The geological record teaches us that in the so-called Glacial Period, at least two distinct epochs of low temperature, and the consequential accumulation of ice, are to be definitely discerned. Still further back, we see evidence of glacial action in the Permian Strata, and possibly as far back as the Cambrian formations, although these eras of cold are not comparable with the period at the beginning of the Quaternary time. Croll, the Scottish physicist, first called attention to the fact that at certain regular intervals of time, the precession of the equinoxes, and the eccentricity of the earth’s orbit, would so act in conjunction as to render favorable a great many conditions which would certainly all point toward a period of extreme cold. He calculated that the earth was traveling around the sun in an ellipse of maximum eccentricity, and that winter was occurring in the northern hemisphere when the earth was furthest from the sun, for the last time some quarter of a million years ago. About eighty thousand years after this date, the coincidence of the two phenomena reached a maximum effect, and about eighty thousand years later, climatic conditions were again about as we have them to-day. Upon this hypothesis, another period of extreme cold must have existed some one-half million years earlier, as calculations upon the same premises as were used in the last computation will show. It is likewise true that, according to this theory, there must have been at least one other such period further back in geological time, and it is now to be seen whether our records, as shown by the strata, establish these facts.

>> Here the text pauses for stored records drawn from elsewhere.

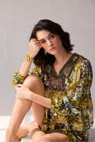 Add more to your sparkle with our printed peplum blouse, featuring intricate thread and sequin detailing at the yoke.
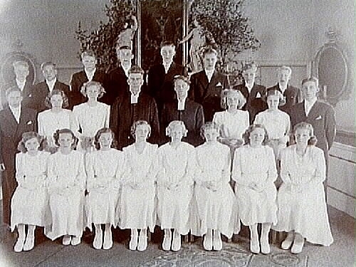 Tolv flickor, tio pojkar och pastor Hilding Hasselmyr och pastor Lagerstedt (O.P. kyrkan).
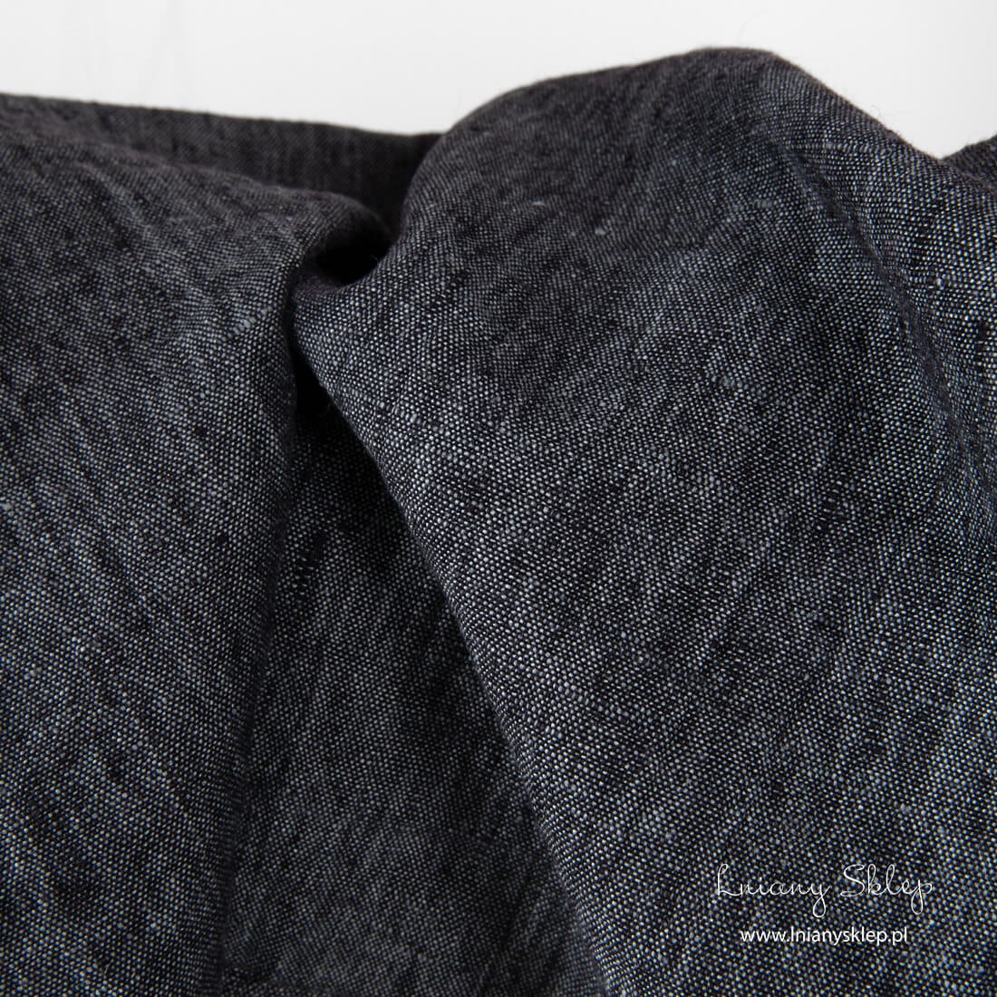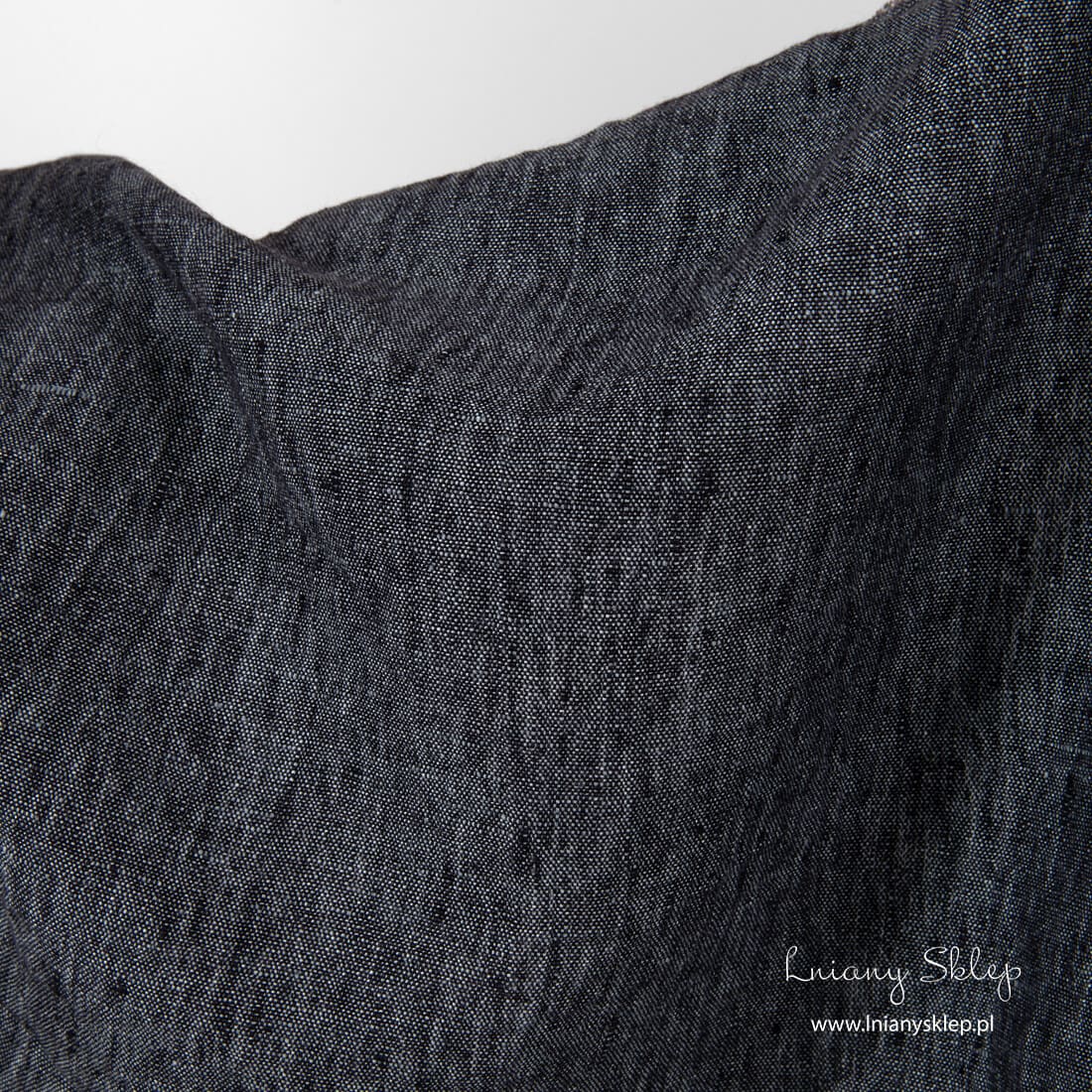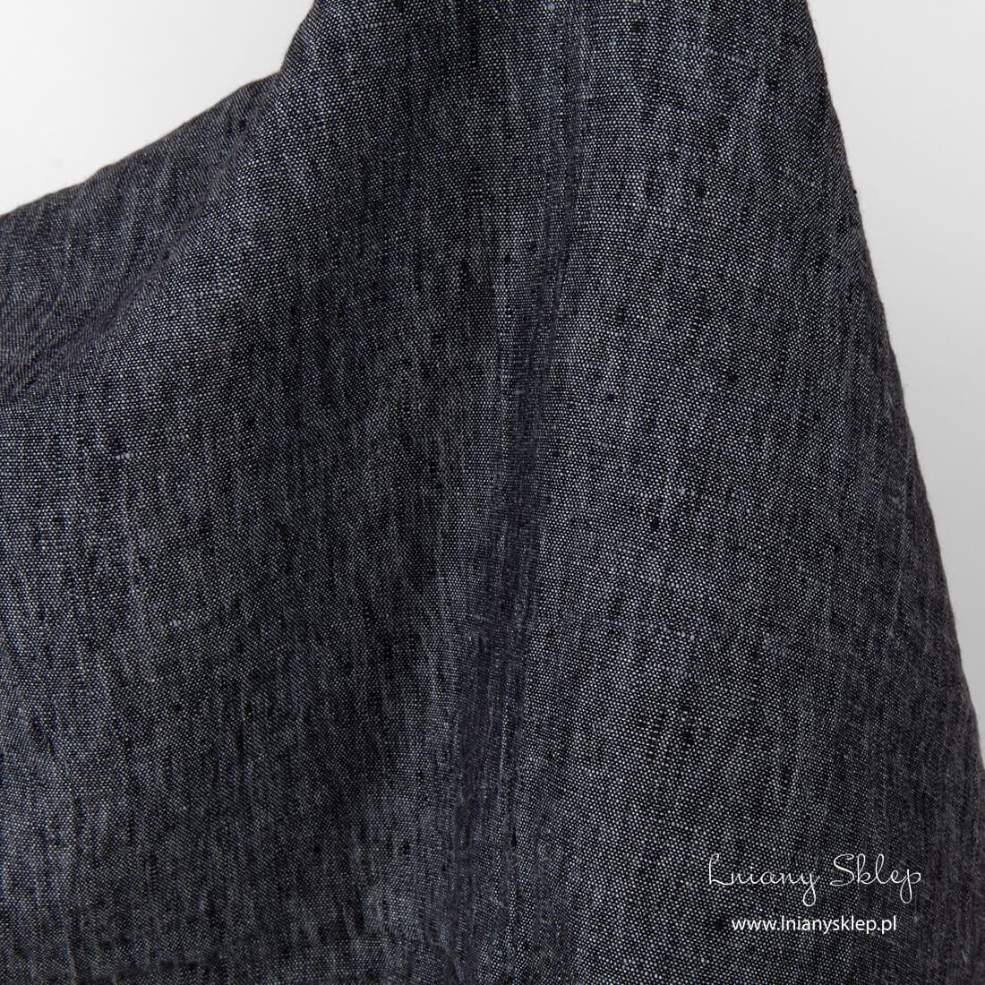 Prany len melanż czarny i szary. Użyte przędze: czarna i szara o niebieskim odcieniu. Gęsta, dość ciężka dekatyzowana tkanina jest mięciutka, a po kolejnych praniach się nie skurczy. Tkanina 100% lniana.

Prior to the enunciation of this theory by Croll, the famous English geologist, Sir Charles Lyell, from measurements of the strata, had calculated that the last period of glaciation occurred about as Croll stated, and that a period of cold and ice far more intense and extensive occurred some four or five hundred thousand years earlier. Mr. Laing has shown that, in order to make such conditions as must have existed at this time, not only is a low temperature necessary, but a certain amount of land must have an elevation sufficient to give the required initial fall to the ice river, so that it may move over the obstacles in its way, and that the higher such elevations in the Arctic zones, and the greater the humidity of the air when it strikes such elevated polar plateaux, the more augmented will be the probability of glacial activity. The rapidity of the glacier’s movement can have no bearing upon the duration of the glacial period, inasmuch as a certain length of time may have been required for the ice-cap to form and push forward to a certain place, and it may have remained there for an indeterminate period, governed only by the amount of snow deposited upon the original source, and the rapidity of melting at the moraine. In Eastern England, no less than four distinct boulder clays have been found separated by the débris deposited from the moraines of each ice sheet, and a few hundred miles away in France, the record is so certain that we know that the Arctic fauna and flora gave away twice for that of the warmer parts of the Temperate zones.

We are certain that both that portion of Scandinavia and Canada, which were the centers of the great European and American ice-caps, had an elevation greatly in excess of what it is to-day, at the time of the glacial epoch. During the first glaciation, Eastern Canada, or that part south of Hudson’s Bay, was certainly twenty-five hundred feet higher than it is now, and the area covered by ocean formations or marine beds to the southward, show that at the same time these sections were very much lower than they are at the present day. On the other side of the Atlantic Ocean, the elevation in Norway was at least a couple of thousand feet more than at present; while both England and Ireland have risen a considerable amount since this period.